The phrase "life as we know it" is important to us. It is the kind of life that would be truly exciting to find. It is the life we would best know how to look for. Life "as we know it" can be extremely strange. We know life develops to be extremely well suited to survive in its particular ecological niche, so we would expect a lot of variation in form. Differences in gravity would result in different physical adaptations. Climate, terrain, length of day, atmospheric pressure--all are variables that would produce different adaptations. Cosmic accidents also play an extremely important role in life's development. If the asteroid that caused the dinosaurs to go extinct had missed the Earth, what would life be like today? Would higher intelligence have ever developed? Life changes to adapt to its environment. Extreme changes, like ice ages, force adaptation.
Intelligence is an adaptation that enables us to deal very creatively with our environment. In a very stable environment, there would be little pressure for intelligent life to arise. We might find a seemingly perfect planet for life, but it might be too perfect. Without a tilt to its axis, it would have no seasons. With no moon, it would have no tides. The ideal place to expect intelligent life would be a world with a rather tumultuous history, but not too tumultuous. There is another kind of Goldilocks zone that is a little harder to define, but just as essential as liquid water, magnetic field to shield from radiation, oxygen, livable temperatures, and a stable orbit: the right amount of change. Too much, and life is destroyed. Not enough, and things remain static.

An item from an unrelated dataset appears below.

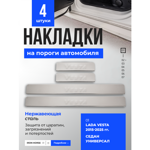 Устали от царапин и сколов на порогах вашей Лада (ВАЗ) Веста / LADA (ВАЗ) Vesta? Накладки на пороги из нержавеющей стали - идеальное решение! Этот внешний авто тюнинг (набор из 4 накладок - металл) не только защитит ваш автомобиль от повседневных механических повреждений, но и станет ярким аксессуаром.

I believe this is especially true for the development of intelligent life. For this reason, I don't assume that there are necessarily a lot of alien civilizations that are much more advanced than humans. What will it take for us to become more intelligent than we are now? It is likely not to be a pleasant experience. We do face many predictable challenges to our survival--war, pollution, and resource depletion, not to mention global warming. As we seek life elsewhere in the universe, let us be cognizant of our own fragility. If we do clear the hurdles we face, we may yet have the opportunity to learn firsthand what life in the universe really is like, instead of just speculating about it.